REQUIRED ACTION =>
Pictures stay out; everything else in the records is to be copied exactly.

MATERIAL SUPPLIED =>
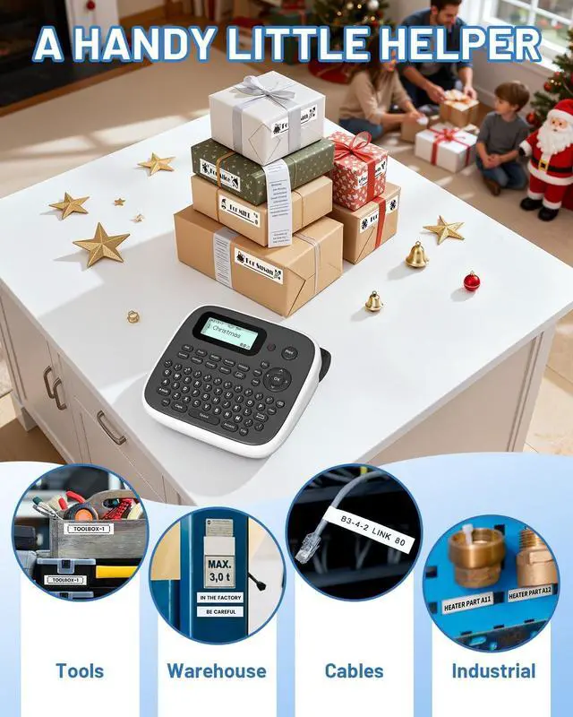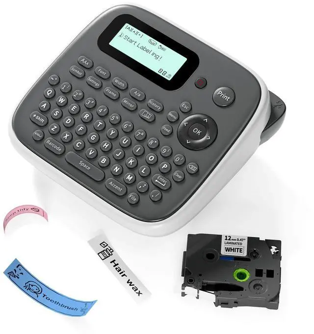 DUAL POWER SUPPLY - Type-C & Battery PoweredThe EazeID D210S label maker machine with tape versatile power options with included Type-C cable for continuous use or 6 AAA batteries for portable labeling anywhere. Perfect for home office, outdoor projects, and on-the-go organization needs ^^ STANDALONE QWERTY KEYBOARD - No Phone RequiredThe handheld label makers easy-to-use QWERTY keyboard with one-touch smart keys provides instant access to 640+ symbols, 16 font styles, and 100+ frames. Suitable for all ages - from kids to seniors, no smartphone or computer needed ^^ WATERPROOF LAMINATED LABELS - Indoor & Outdoor UseUtilizing thermal transfer printing, the EazeID label maker machine printing creates durable, waterproof labels resistant to fading, abrasion, and temperature changes.
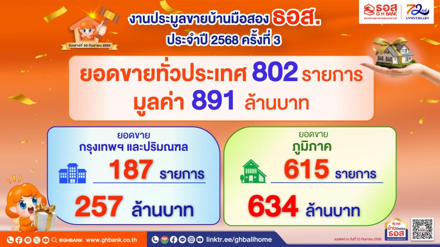 ธนาคารอาคารสงเคราะห์ (ธอส.) รายงานผลการจัดงาน ประมูลขายบ้านมือสอง ธอส. ประจำปี 2568 ครั้งที่ 3 เมื่อวันเสาร์ที่ 20 กันยายน 2568 ระหว่างเวลา 10.00 – 16.00 น. ได้รับความสนใจจากลูกค้าเป็นจำนวนมาก ทำให้สามารถจำหน่ายบ้านมือสองได้สูงถึง 802 รายการ มูลค่ารวม 891 ล้านบาท โดยเป็นทรัพย์ที่ตั้งอยู่ในพื้นที่กรุงเทพ ฯ และปริมณฑลจำนวน 187 รายการ รวมมูลค่า 257 ล้านบาท และทรัพย์ในเขตภูมิภาคจำนวน 615 รายการ รวมมูลค่า
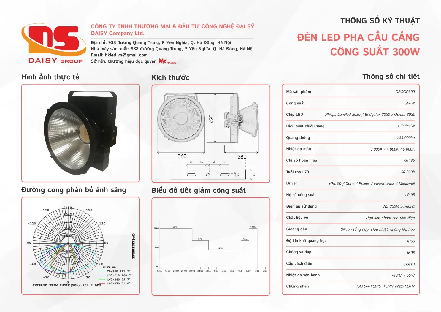 • Hiệu suất chiếu sáng: 130lm/W
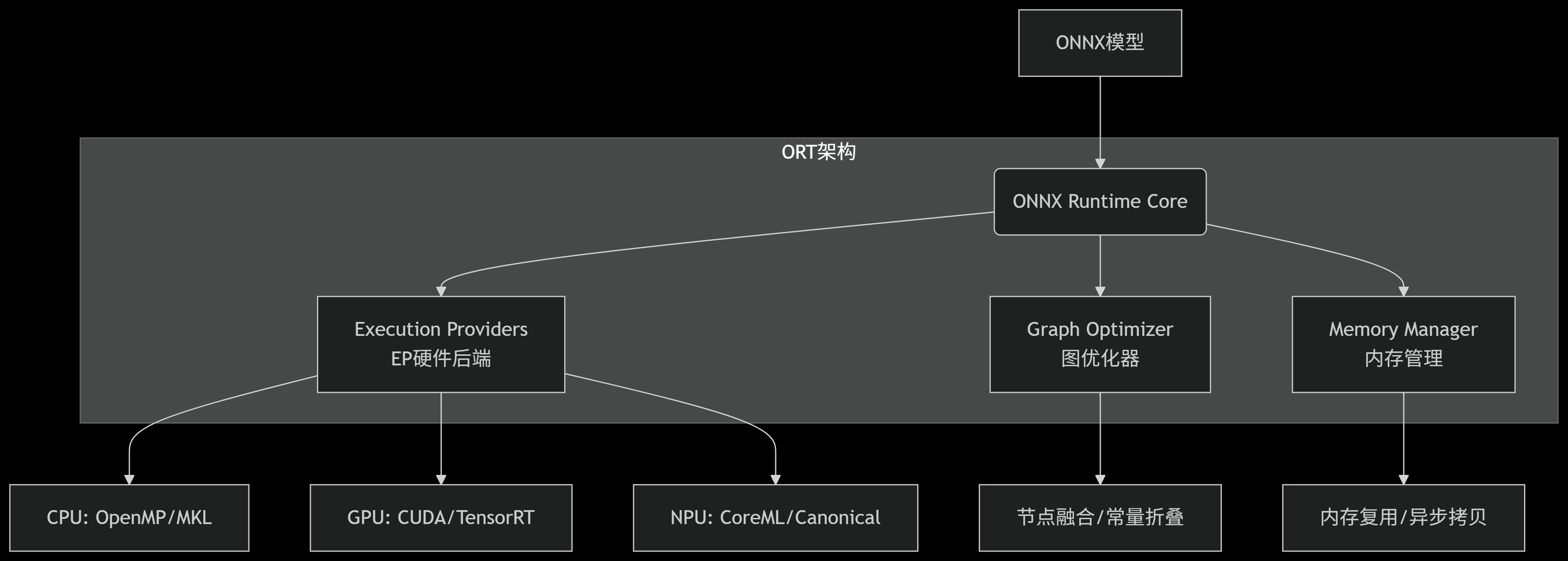 | 硬件交互 | 无直接硬件交互 | 通过EP对接CUDA/TensorRT等硬件SDK |
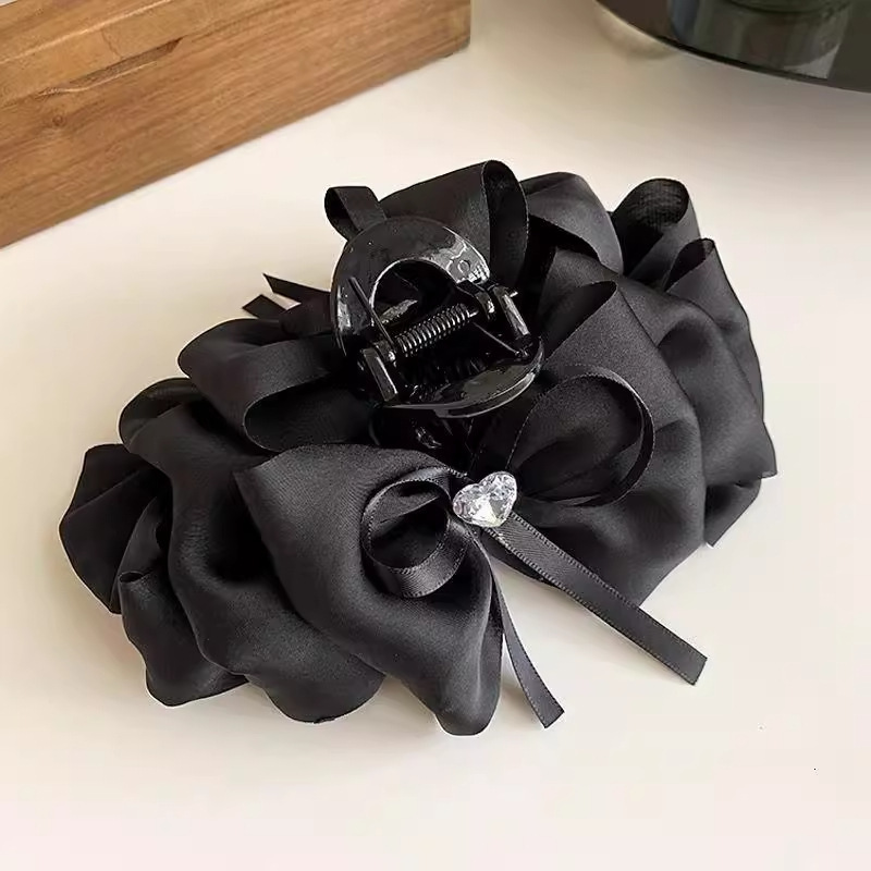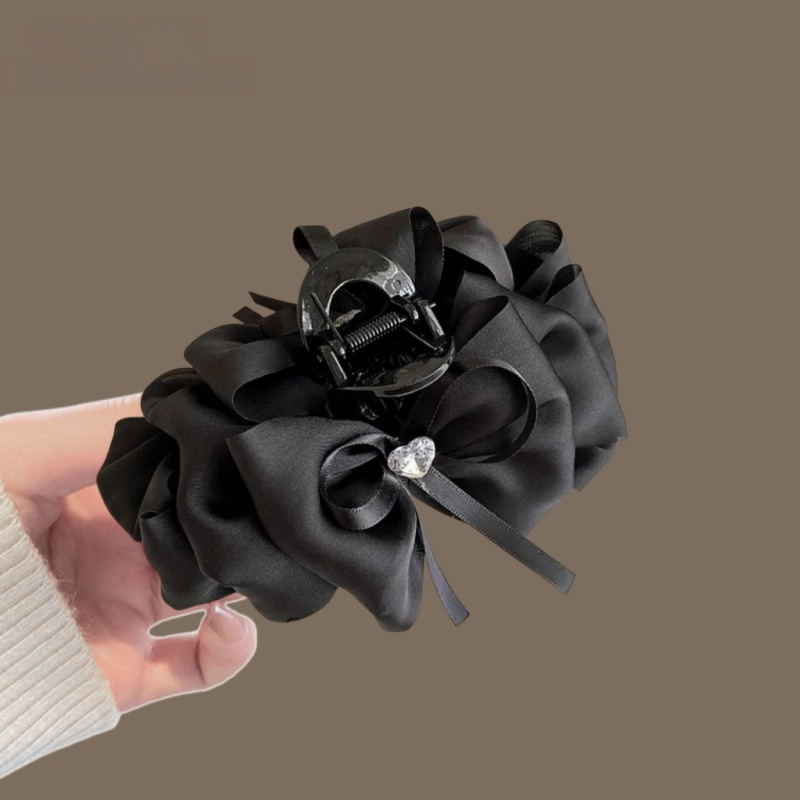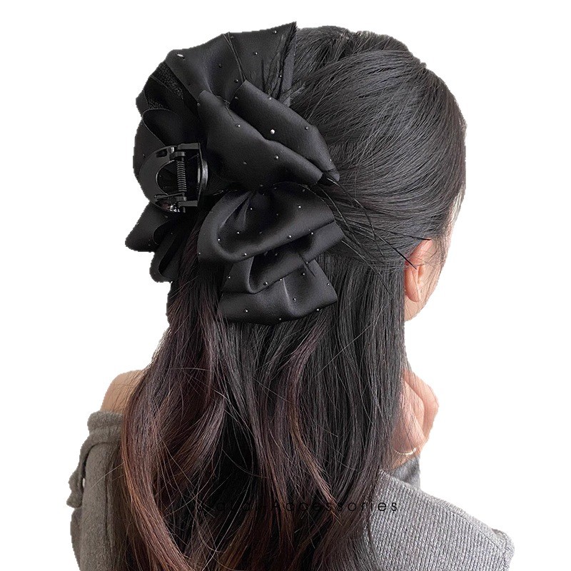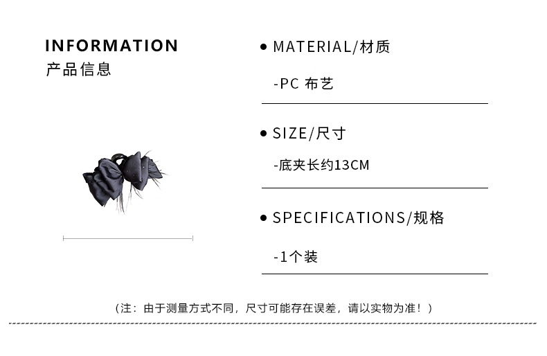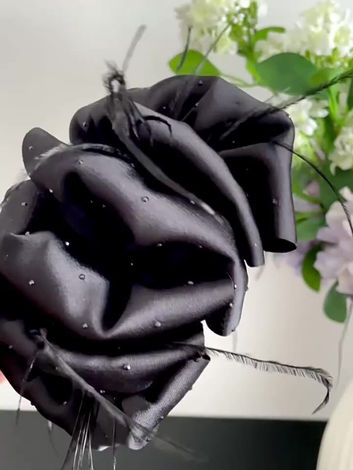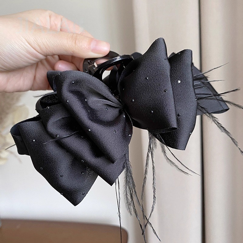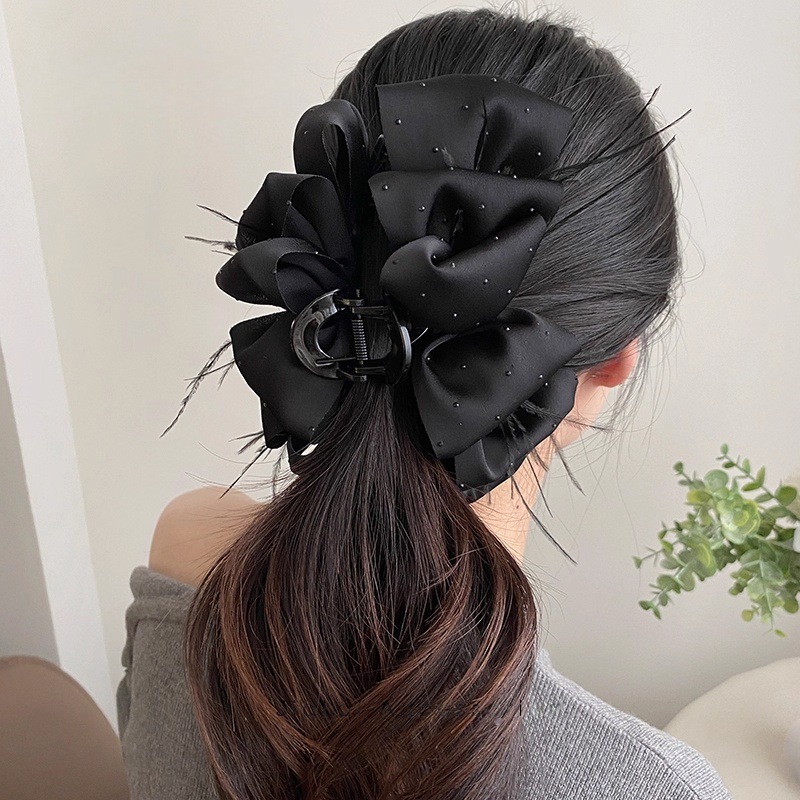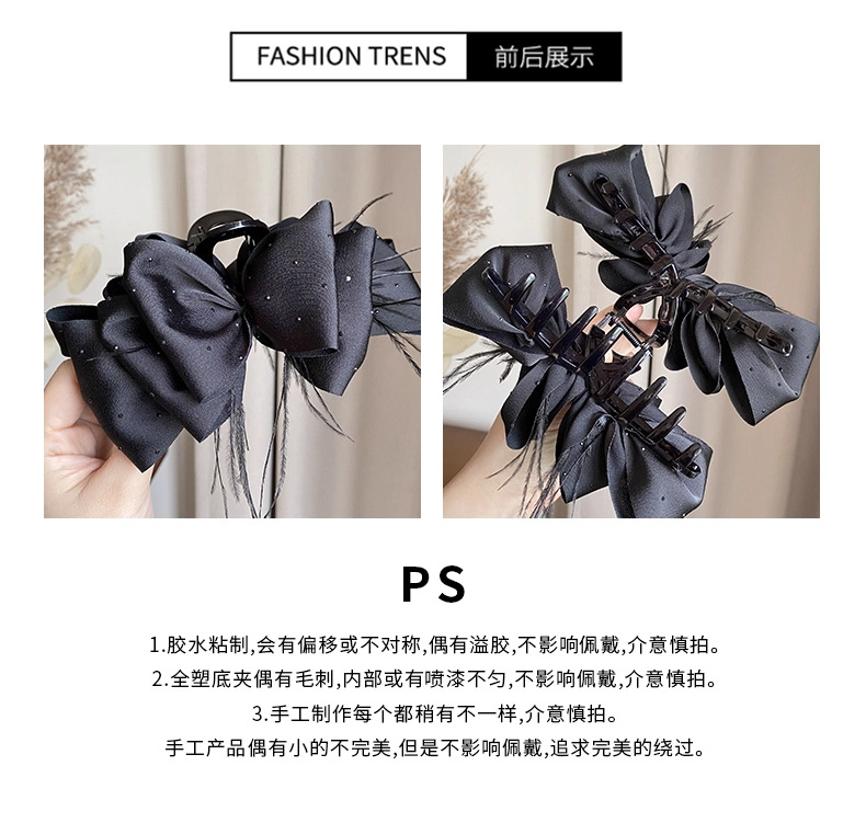 counter same style-original version 12cm fabric width ~ black diamond satin feather bubble grip hair clip 13cm bottom clip
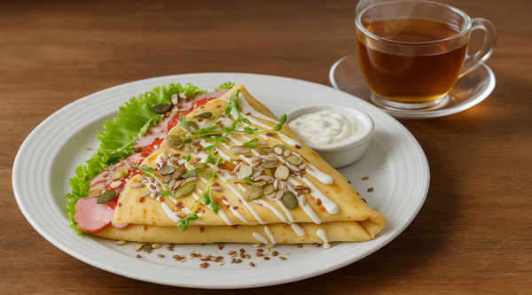 Млинець, змащений вершковим маслом, соковита шинка, сир, томат, соус Цезар, соус Тартар, соус Поблано, томати, сезонні овочі та зелень

YOUR SOLUTION =>
 DUAL POWER SUPPLY - Type-C & Battery PoweredThe EazeID D210S label maker machine with tape versatile power options with included Type-C cable for continuous use or 6 AAA batteries for portable labeling anywhere. Perfect for home office, outdoor projects, and on-the-go organization needs ^^ STANDALONE QWERTY KEYBOARD - No Phone RequiredThe handheld label makers easy-to-use QWERTY keyboard with one-touch smart keys provides instant access to 640+ symbols, 16 font styles, and 100+ frames. Suitable for all ages - from kids to seniors, no smartphone or computer needed ^^ WATERPROOF LAMINATED LABELS - Indoor & Outdoor UseUtilizing thermal transfer printing, the EazeID label maker machine printing creates durable, waterproof labels resistant to fading, abrasion, and temperature changes.
 ธนาคารอาคารสงเคราะห์ (ธอส.) รายงานผลการจัดงาน ประมูลขายบ้านมือสอง ธอส. ประจำปี 2568 ครั้งที่ 3 เมื่อวันเสาร์ที่ 20 กันยายน 2568 ระหว่างเวลา 10.00 – 16.00 น. ได้รับความสนใจจากลูกค้าเป็นจำนวนมาก ทำให้สามารถจำหน่ายบ้านมือสองได้สูงถึง 802 รายการ มูลค่ารวม 891 ล้านบาท โดยเป็นทรัพย์ที่ตั้งอยู่ในพื้นที่กรุงเทพ ฯ และปริมณฑลจำนวน 187 รายการ รวมมูลค่า 257 ล้านบาท และทรัพย์ในเขตภูมิภาคจำนวน 615 รายการ รวมมูลค่า
 • Hiệu suất chiếu sáng: 130lm/W
 | 硬件交互 | 无直接硬件交互 | 通过EP对接CUDA/TensorRT等硬件SDK |
 counter same style-original version 12cm fabric width ~ black diamond satin feather bubble grip hair clip 13cm bottom clip
 Млинець, змащений вершковим маслом, соковита шинка, сир, томат, соус Цезар, соус Тартар, соус Поблано, томати, сезонні овочі та зелень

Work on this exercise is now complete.